A stretch of 116th Street in East Harlem -- increasingly marked by Mexican restaurants and Dominican bodegas -- nonetheless still bears the name ''Luis Munoz Marin Boulevard'' after the first native son governor of Puerto Rico. On the blocks around ''El Barrio,'' Puerto Rican music still wafts out of certain storefronts.

And Maria Martinez, 62, hangs no fewer than three Puerto Rican flags from her apartment window and fence. ''The truth is,'' she likes to say with a bit of Puerto Rican defiance, ''we got here first.''

These days, though, it is hard to resist the sense that Ms. Martinez is hanging her flags with as much a feeling of nostalgia as pride.

Being Hispanic in New York City used to mean being Puerto Rican. But over the last decade, the number of Puerto Rican New Yorkers decreased for the first time since they began arriving in the city in great numbers 60 years ago -- down by nearly 100,000, or 11 percent, according to data from the Department of City Planning. With the growing presence of Dominicans and Mexicans, Puerto Ricans now account for 37 percent of the city's Hispanic population. Experts say the decline is destined to continue.
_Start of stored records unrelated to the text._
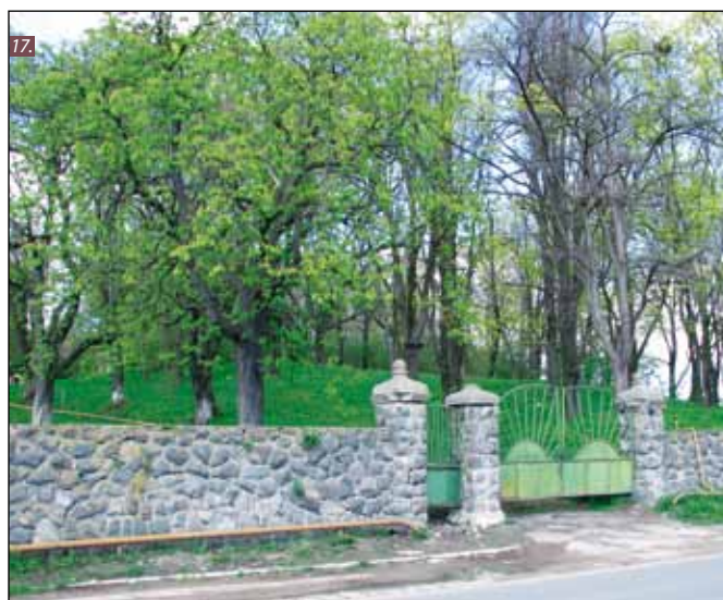
■ Foto 16. Aleea de acces principal în parc și spre castel. Pe fațada estică a castelului se observă gangul de intrare în curtea interioară și porticul cu trei deschideri de la nivelul parterului (2008). © Andreea MILEA ■ Foto 17. Împrejmuirea parcului și poarta accesului principal (2008). © Andreea MILEA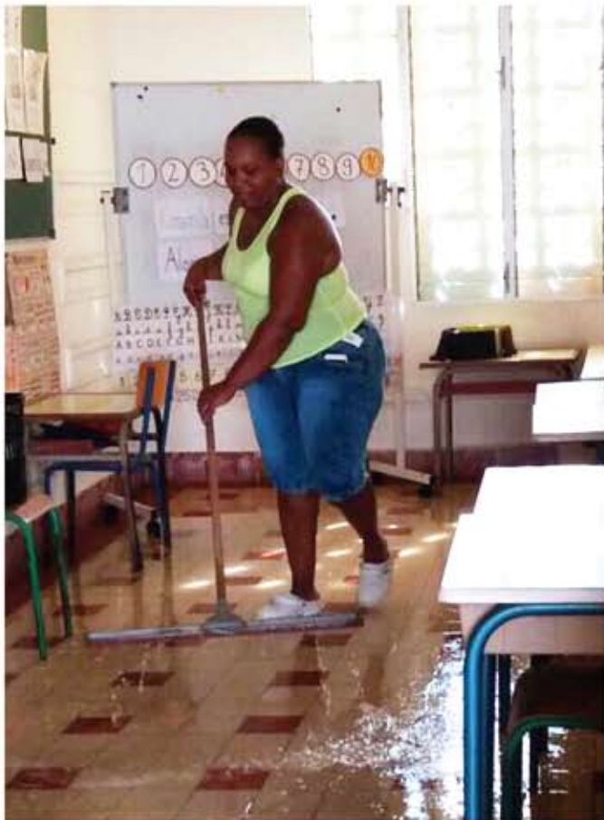
Nettoyage des écoles après Maria

Un chantier de taille : ce sont nos intelligences mises ensemble aujourd'hui qui rendront notre futur raisonné et sécurisé.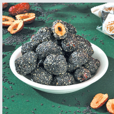
黑芝麻脆枣 酥脆鲜香 能量满满 一口嘎嘣脆 小晚价：1盒装 29.9元 3盒装 59.9元 5盒装 89.9元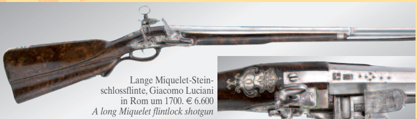
Lange Miquelet-Steinschlossflinte, Giacomo Luciani in Rom um 1700. € 6.600 A long Miquelet flintlock shotgun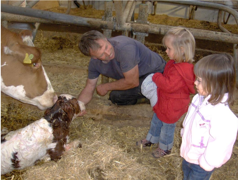
4. Hautnah die Landwirtschaft erleben wird beim Projekt Stallvisite möglich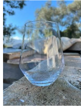
Tumbler 22cl Verre à cocktail 21cl Verre incassable 25cl Verre salsa 35cl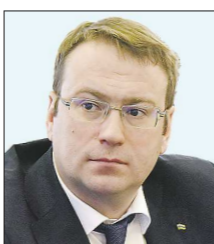
Алексей КУЗНЕЦОВ , министр природных ресурсов и экологии (был директором департамента жилищной политики Тюмени)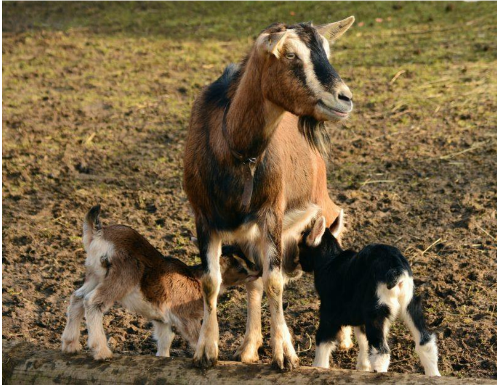
Slika 3. Odrastanje jaradi uz majku

proizvodnja se povećava na 13 t i do 2017. godine stagnira. Proizvodnja kozjeg mlijeka varira – 2016. je proizvedeno 102 t, odnosno 2017. godine 84 t mlijeka. Proizvodnja kozjeg mlijeka od 2013. do 2015. bila je oko 40 t (DZS).

In certain ways, city planners say, the trend reflects a traditional immigration pattern: the dispersion of groups from the city to the suburbs and other parts of the country as they make economic headway. But unlike most traditional immigrant groups who came to New York during the early part of the 1900's, more than a third of Puerto Ricans leaving the city have moved to Puerto Rico, including significant numbers of people born in the States.

For many Puerto Ricans , their diminishing presence has provided them with a moment to look back on, and assess, the Puerto Rican experience in New York .

Although there has been no shortage of success stories -- from political gains and lasting contributions to the arts to the less visible but more pervasive expansion of the middle and professional classes -- there is much about the fate of Puerto Ricans that remains puzzling. Why, for instance, are so many among the poorest of the city's poor?

In the 1990's, the percentage of Puerto Rican households in the city living at or below the poverty line increased despite a strong local economy, to a rate greater than that of any other group. According to the most recent data, about 40 percent of New York 's Puerto Ricans qualified as poor, a figure considerably higher than that of African-Americans and worse than the average rate for all Hispanics.

Taking stock of the widely differing fortunes of Puerto Ricans in the city, Luis Garden Acosta, founder of the youth agency El Puente and a former member of the Young Lords Party, the militant Puerto Rican group of the 1960's, said, ''It's been a period of exploration, of very strong community building, of coming to grips with American reality, with the wonderful promise of great opportunity starkly contrasted sometimes by the horrible aspects of our existence.''

Many researchers say there is not enough scholarship to lay out a definitive explanation of why so many Puerto Ricans in the city continue to struggle. It is also difficult to track the poor: are Puerto Ricans -- who as American citizens came to New York as migrants -- mostly a static group, or a constantly changing group driven by the frequent back-and-forth movement between the States and the island?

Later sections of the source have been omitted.